Los Rinconetes y Pablicos de nuestras doradas edades, varones sobresalientes en les peores artes, alcanzaron suerte mejor que muchos honrados padres de familia que, al desfilar hacia otra vida, apenas sí dejaron un particular recuerdo que acabó con su linaje. Cervantes y Quevedos no faltaron para perpetuar en caracteres imborrables las proezas de los satélites de Monipodio y del extraordinario buscón. Y menos mal si sus sombras hubieran quedado para siempre encerradas en tan hermosas páginas da la española literatura, para solaz de desocupados y manjar sabroso de refinados gustos. Peor cien veces es que vaguen por el mundo, cobijándose de cuando en cuando en 'lo interior' de seres que, por sus agudezas en el ejercicio del mal, parecen criados a los pechos de aquellos sus renombrados antecesores.

Cortadillos y Rinconetes, Guzmanes y Pablicos, hacen correrías fuera de las páginas que a la perfección los retrataron: en pleno mundo, en todas partes, viviendo a costa de un ingenio puesto al

servicio de pecaminosas ocurrencias. Va a demostrarlo un sucedido que la vida local registró en fecha cercana. Siga el lector leyendo y se convencerá de que un golpe tan habilidosamente preparado, no desmerece de las pintorescas truhanerías que aquellos ingenios ilustres atribuyeron a los héroes de sus novelas picarescas.

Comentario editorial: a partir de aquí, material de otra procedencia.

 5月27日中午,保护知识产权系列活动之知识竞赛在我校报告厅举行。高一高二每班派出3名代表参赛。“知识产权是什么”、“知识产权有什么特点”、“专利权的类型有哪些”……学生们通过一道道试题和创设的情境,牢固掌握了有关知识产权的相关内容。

La escena tiene lugar en un comercio situado en calle céntrica. Varias señoras se apoyan en el mostrador, revolviendo telas y cintejos, con caras en que se suceden los gestos propios de un momento de compra, tan difícil para las mujeres. Los mancebos solícitos y dicharacheros. El principal, serio, paseándose en toda la longitud del establecimiento.

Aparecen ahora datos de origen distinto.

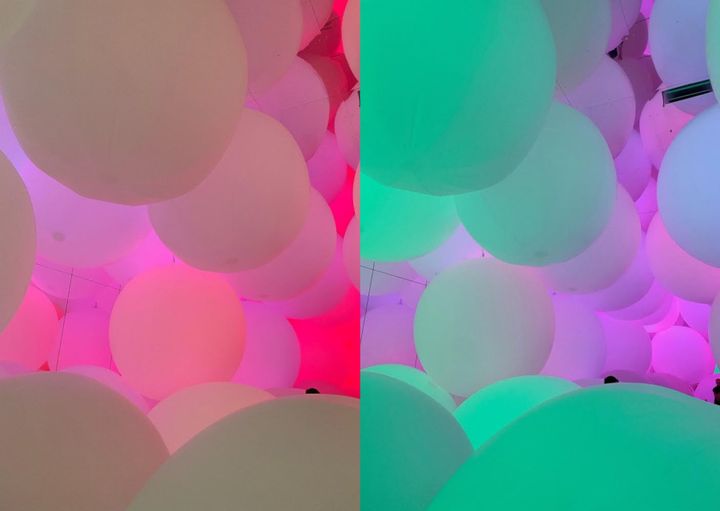 人より大きな光の球体によって埋め尽くされています。

Penetran en la estancia dos caballeros... a juzgar por las apariencias.

-¿El dueño de la casa?

-Servidor de ustedes. (Muy señor nuestro. -Tanto gusto... etcétera).

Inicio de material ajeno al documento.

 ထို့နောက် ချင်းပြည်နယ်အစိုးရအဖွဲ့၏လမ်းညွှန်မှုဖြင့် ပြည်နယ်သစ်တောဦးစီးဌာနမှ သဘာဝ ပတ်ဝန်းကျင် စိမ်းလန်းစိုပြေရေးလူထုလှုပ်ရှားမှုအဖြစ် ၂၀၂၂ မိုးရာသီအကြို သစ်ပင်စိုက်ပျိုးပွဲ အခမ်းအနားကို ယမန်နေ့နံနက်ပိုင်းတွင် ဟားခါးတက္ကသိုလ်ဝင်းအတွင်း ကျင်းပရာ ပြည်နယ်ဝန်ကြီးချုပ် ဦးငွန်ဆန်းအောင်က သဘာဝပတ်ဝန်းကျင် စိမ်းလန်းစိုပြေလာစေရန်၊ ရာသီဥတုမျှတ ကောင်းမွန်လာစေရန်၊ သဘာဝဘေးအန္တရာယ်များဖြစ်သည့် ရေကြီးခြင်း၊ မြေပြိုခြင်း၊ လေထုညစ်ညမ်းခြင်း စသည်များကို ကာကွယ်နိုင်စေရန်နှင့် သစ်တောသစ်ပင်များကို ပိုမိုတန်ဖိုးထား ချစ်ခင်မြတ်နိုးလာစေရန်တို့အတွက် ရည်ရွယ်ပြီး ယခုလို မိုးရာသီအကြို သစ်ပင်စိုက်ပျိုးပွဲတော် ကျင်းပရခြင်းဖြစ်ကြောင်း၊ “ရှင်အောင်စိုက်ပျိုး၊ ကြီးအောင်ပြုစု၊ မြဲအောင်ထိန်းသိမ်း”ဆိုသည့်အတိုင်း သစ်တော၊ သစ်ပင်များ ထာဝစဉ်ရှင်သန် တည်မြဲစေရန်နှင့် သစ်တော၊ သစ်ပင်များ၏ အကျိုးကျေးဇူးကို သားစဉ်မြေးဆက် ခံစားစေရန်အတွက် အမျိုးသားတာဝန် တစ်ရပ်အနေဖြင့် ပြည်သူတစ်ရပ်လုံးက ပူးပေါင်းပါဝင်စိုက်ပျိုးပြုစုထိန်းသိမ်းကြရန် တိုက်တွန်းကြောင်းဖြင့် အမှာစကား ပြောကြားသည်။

-Venimos a pedirle un favor. ¿Usted tiene monedas de las de doble céntimo?

-Algunas, tal vez.

-Se trata de lo siguiente: para un trabajo especial de ingeniería necesitamos reunir una importante suma de esa moneda, que es la que más cantidad de cobre contiene, proporcionalmente a su tamaño, y la que de modo exclusivo sirve a nuestro objeto. ¡Nosotros las pagaríamos desde luego, cada una, a dos reales!...

El principal abre el párpado. Como buen comerciante, adivina en un instante todo un negocio. Con apresuramiento abre un cajón, busca las monedas de dos céntimos y resultan, aproximadamente,

cincuenta. Importe de todas ellas: una peseta. Los caballeros -pase la palabra hasta que los conozcamos- entregan, peseta sobre peseta, hasta veinticinco.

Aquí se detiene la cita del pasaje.